After reopening the government for three weeks, Mr. Trump has gone so far as to warn that he would declare a national emergency in order to get his wall built. After nearly a week of publicly discussing the idea with reporters, Mr. Trump did not ultimately declare an emergency.

Meanwhile, 800,000 Americans were affected, some dramatically, after not receiving paychecks for over a month. Many workers have been asking themselves how they will pay next month’s rent, costly gas and electricity bills, and most importantly, how they could continue to buy food for their children.

Helen Mak ’20 attested to the gravity of the shutdown and indicated the importance of finding mutual agreement between political parties because of the harsh effects of a shutdown. She stated, “Everyone’s entitled to their own values, but people are missing their paychecks because of this political gridlock. I think it’s more important to find a compromise.”

With each day that passed, it became harder for the government to recover once it reopened, and could still become even harder if it closes again. The government will be repaying workers who have continued working despite receiving no pay, and bring back key government departments, such as the Department of Homeland Security and Department of Treasury.

Pointing to the suffering of American workers, Democrats repeatedly called for an end to the shutdown. Speaker of the House Nancy Pelosi asserted that the wall and the shutdown should have nothing to do with each other. Rather, she argued that they should be dealt with separately so that American families can return to work. Several Republicans who are up for reelection in 2020 have also urged Mitch McConnell to find a way to end the shutdown. It is ultimately Mr. Trump’s responsibility to reopen the government when he desires.

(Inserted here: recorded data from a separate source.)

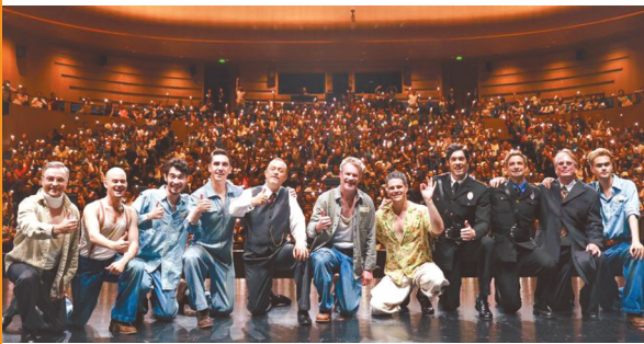
话剧《肖申克的救赎》演员与成都观众合影。

“希望是个美好的梦，只要希望还在，美梦就会成真。”5月17日、18日晚，备受瞩目的话剧《肖申克的救赎》中文版在成都高新中演大剧院上演。这部由张国立执导，全外国演员、全中文对白呈现的经典之作，再次将斯蒂芬·埃德温·金笔下的温情与希望带到观众面前。舞台上，来自8个国家的11位外籍演员以一口流利的汉语，生动诠释了这部耳熟能详的故事。其中，加拿大籍演员大山以精湛的演技和独特的魅力，成功塑造了“瑞德”这一经典角色。演出前夕，大山接受华西都市报、封面新闻记者专访，分享他对角色、对《肖申克救赎》、对中西文化交流的心得感受。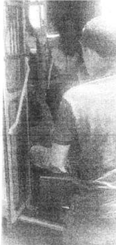
Atendimento em assalto em 2017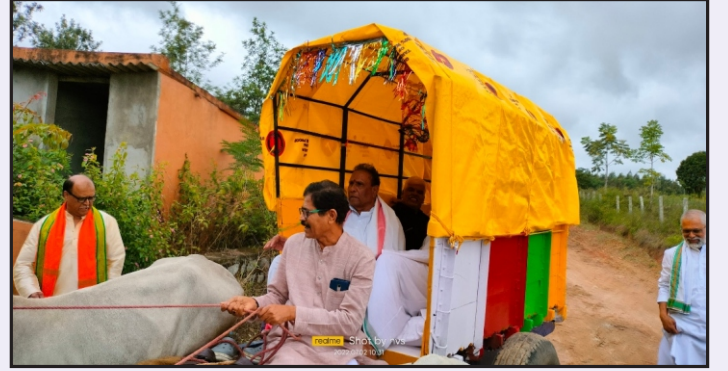
ಪದಾಧಿಕಾರಿಗಳಿಗೆ ಕಮಾನು ಬಂಡಿ ಸವಾರಿ ಸ್ವಾಗತ

ಮಹಾಸಭೆಯ ಮಾನ್ಯ ಅಧ್ಯಕ್ಷರು ಮಾತನಾಡುತ್ತಾ, ಸದಸ್ಯತ್ವ ನೋಂದಾವಣೆ ಬಗ್ಗೆ ಮತ್ತು ಸಂಘಟನೆ ಬಲವರ್ಧನೆಯ ಬಗ್ಗೆ ಸೂಕ್ತ ಸಲಹೆಗಳನ್ನು ವಿವರಿಸಿದರು. ಮತ್ತು ಸಭೆಯ ಆರ್ಥಿಕ ಪರಿಸ್ಥಿತಿಯನ್ನು ಉತ್ತಮಗೊಳಿಸಲು ಹಲವಾರು ಕಾರ್ಯಕ್ರಮಗಳನ್ನು ಕಾರ್ಯರೂಪಕ್ಕೆ ತರಲು ಅಮೂಲ್ಯವಾದ ಸಲಹೆಗಳನ್ನು ನೀಡಿದರು.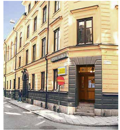
Roseniuskyrkan i hörnet Snickarbacken-Smala gränd

Genom åren har vi provat olika former för verksamhet under veckan. Hemgrupperna är ett viktigt komplement till den stora gudstjänsten. Vi har också samlats i en mellanstor grupp, i flera år under rubriken "vardag" med kvällsmat och lovsång runt ett föredrag eller bibelstudium. Vi har provat alphaskurs, bönefrukost etc. och kommer vara fortsatt frimodiga i att prova oss fram.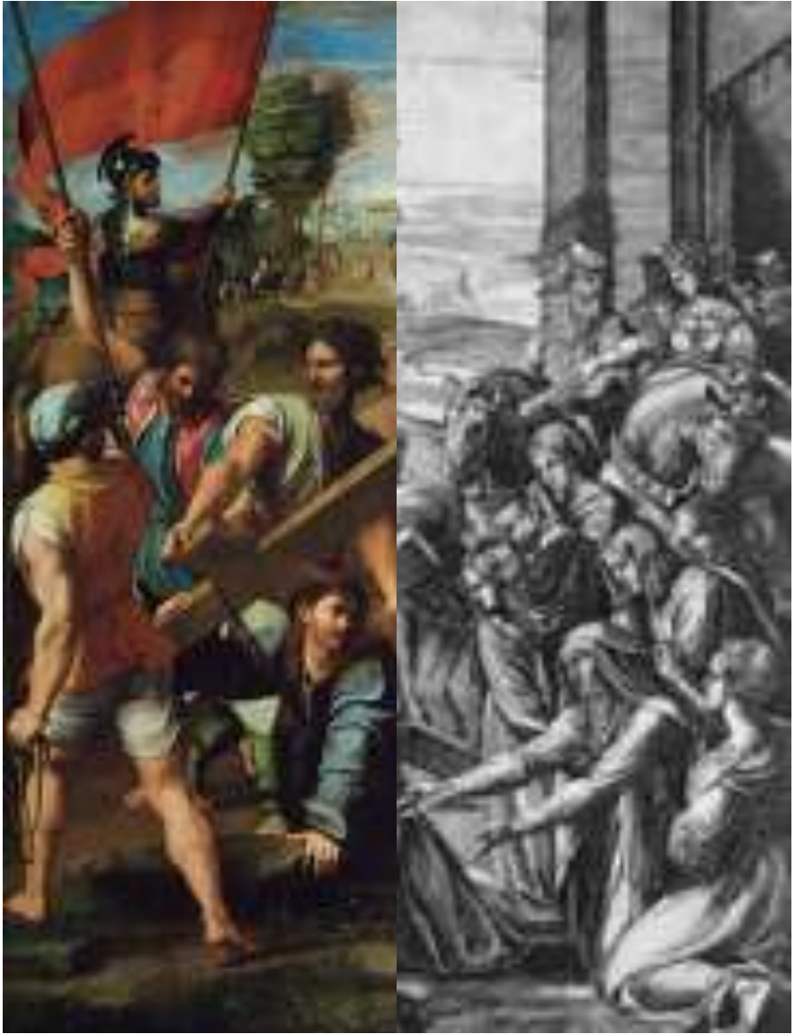
El Pasma de Sicilia, Rafael Sanzio, 1515. Museo del Prado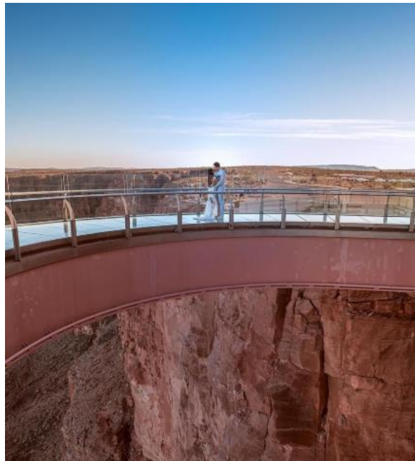
Foto 3 – Renovação de votos de Simaria e seu marido no Grand Canyon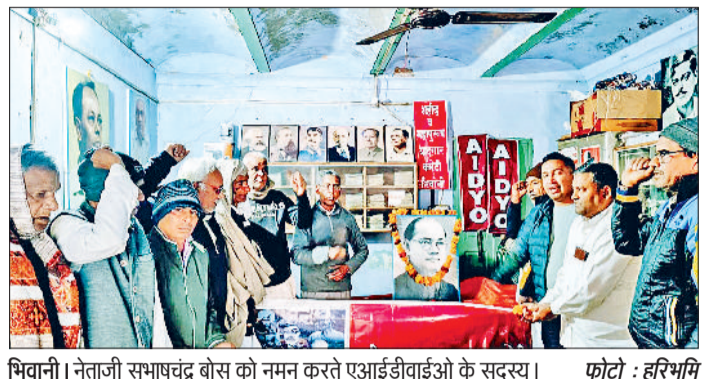
भिवानी। नेताजी सुभाषचंद्र बोस को नमन करते एआईडीवाईओ के सदस्य।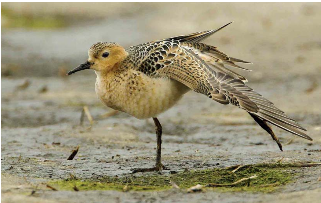
556 Blonde Ruiters / Buff-breasted Sandpiper Tryngites subruficollis , juveniel, De Stolpen, Noord-Holland, 28 september 2006 557 Blonde Ruiters / Buff-breasted Sandpiper Tryngites subruficollis , juveniel, De Stolpen, Noord-Holland, 27 september 2006 558 Blonde Ruiters / Buff-breasted Sandpiper Tryngites subruficollis , juveniel, Slikken van Flakkee, Zuid-Holland, 13 september 2006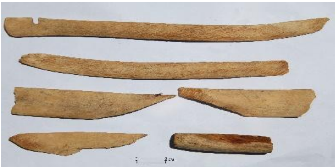
Рис.24. Костяные накладки на лук из впускного погребения древнетюркской эпохи

При нем зафиксированы костяное изделие, изготовленное из трубчатой кости, маленькие железные пряжки и костяные накладки на лук (рис.24).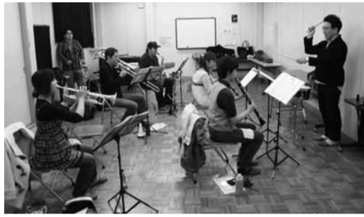
▲みんなで演奏するって楽しい♪♪♪

なお、神明1丁目の信号を渡ってすぐ左側に人ひとりがやっと通れるほどの小径があります。第10緑地の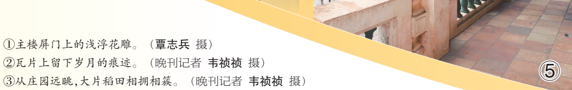
⑤ 楼台采用拱门和柱廊等建筑元素，远处即是广阔的田野。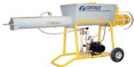
réf. 0198040 Malaxeur continu C40.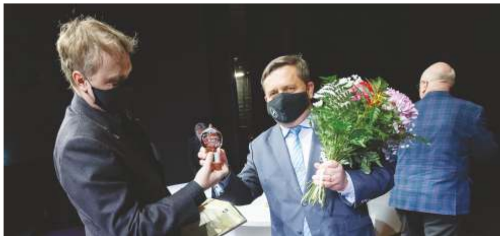
Kõige tervisesõbralikum organisatsioon on Kadrinas.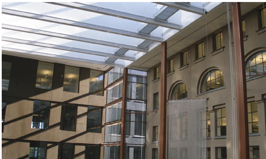
Interiér rekonstruované historické budovy NK Norska

Přestřešením a propojením původně venkovních prostor vznikla rozlehlá atria a prostory pro stravování, shromažďování a odpočinek.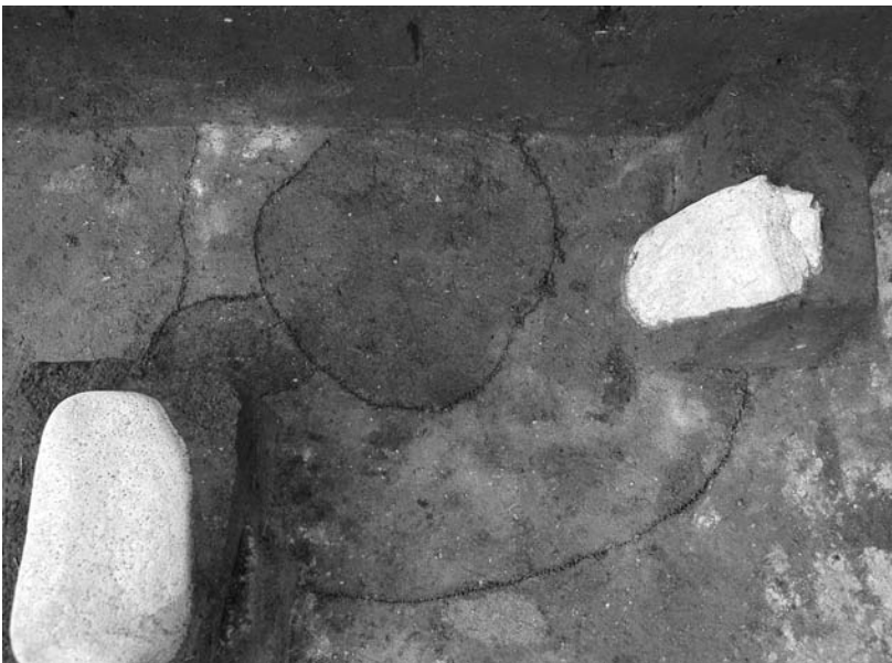
写真35 エリア①-1 柱穴13P545(南→)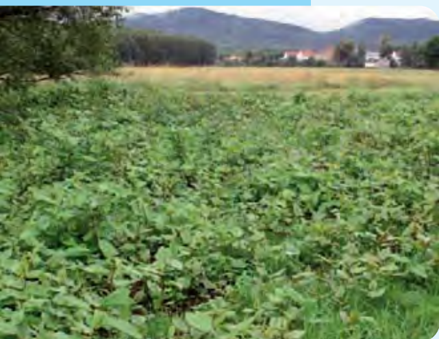
Abb. 22: Großflächiger Knöterichbestand vor der Behandlung mit Glyphosat, Landkreis Löbau-Zittau, Juli 2004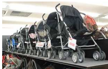
ベビーカー等子供用品も豊富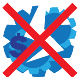
СТОИМОСТЬ НЕИСПРАВНОГО БЛОКА (АВИАКОМПАНИЯ)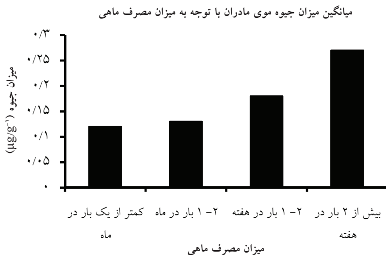
شکل ۴: اثر میزان مصرف ماهی مادر بر روی میزان جیوه مو و شیر مادر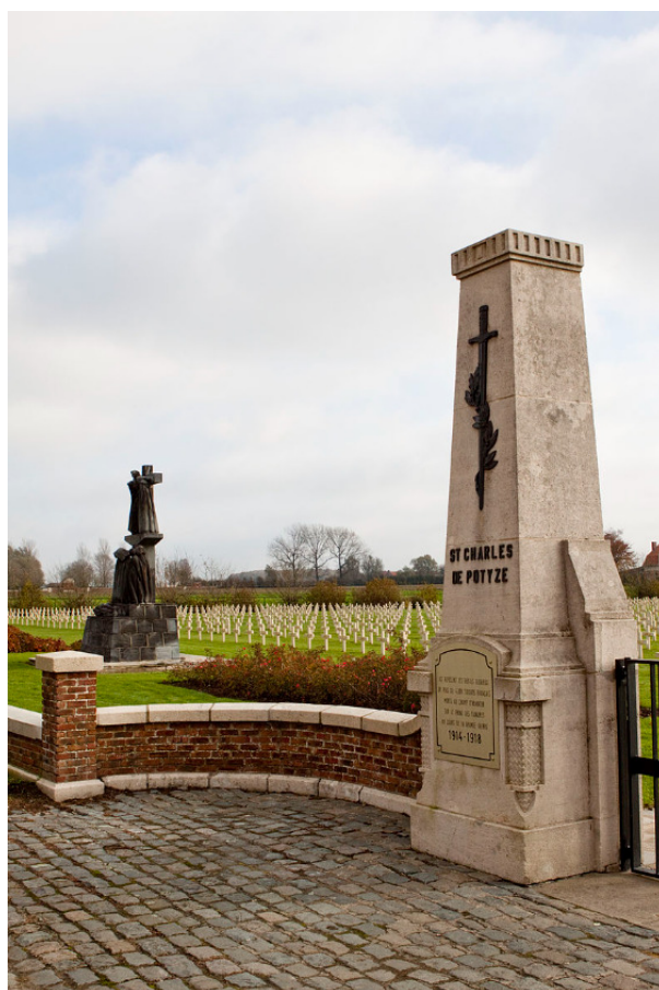
Nécropole Saint-Charles de Potyze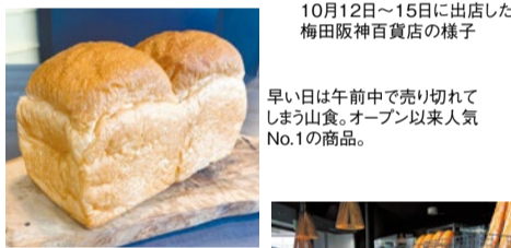
10月12日〜15日に新店した梅田阪神百貨店の様子

味の決め手となる小麦粉は、フランス産・カナダ産・北海道産、北海道石臼全粒粉など最高品質を厳選。マーガリンは一切使わず、北海道よつ葉バターとよつ葉生クリームを使用している。10月に新店した梅田阪神百貨店「バンワールド」では、同店一番人気の山食が焼いても焼いても間に合わないほど好評だったそう。金曜・土曜限定販売の「クロワッサン」もおすすめ!よつ葉バターの中でも昔ながらの製法で作られた特別なバターを使用。季節の食材をいかした新作も登場しているので、足を運んでみては。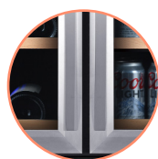
DESIGN CURVE HANDLE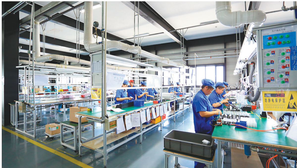
得益于良好的营商环境,安费诺三浦(辽宁)汽车电子有限公司生产形势不断向好。

前三季度,全市制造业规模以上工业增加值同比增长23.9%,制造业增加值占全市规模以上工业增加值比重达到50.3%,较上一年同期提高10个百分点,产业结构逐步优化。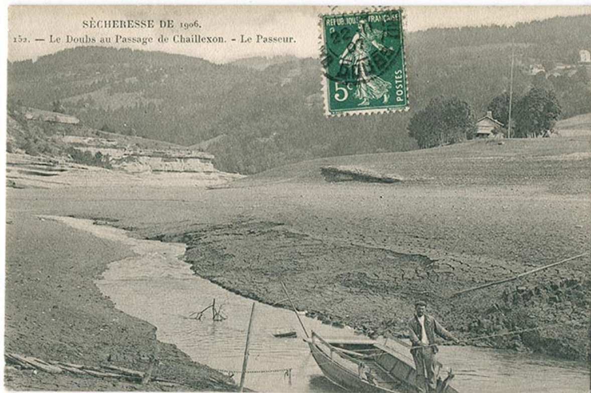
Sécheresse de 1906. 152. - Le Doubs au Passage de Chaillexon. - Le Passeur.

25, Villers-le-Lac, 16 rue de l' Ile, lieudit : les Bassots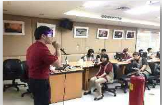
【安全管理人員教育訓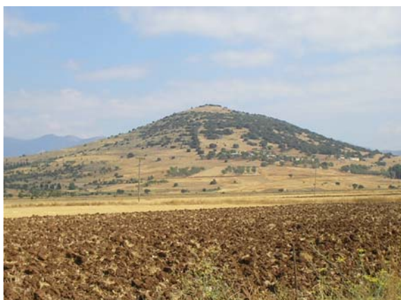
Άποψη του λόφου του Ορχομενού.

Although many members of the Deerfield community are not regularly discussing the shutdown and its effects, there are families of students on campus who were directly affected. Students whose parents are government workers or whose siblings are federally employed likely felt the consequences more acutely as the shutdown neared its one month mark.

Because of the shutdown’s impact, Samara Cummings ’20 mentioned how the government should adopt a more productive mindset. She stated, “This time could really be used to ponder more innovative solutions.”

Although the government shutdown has temporarily ended, given the uncertainty of the national budget status in the coming months, it will be important for politicians in the coming weeks to not let party interests trump heeding the needs of federal workers and the American people.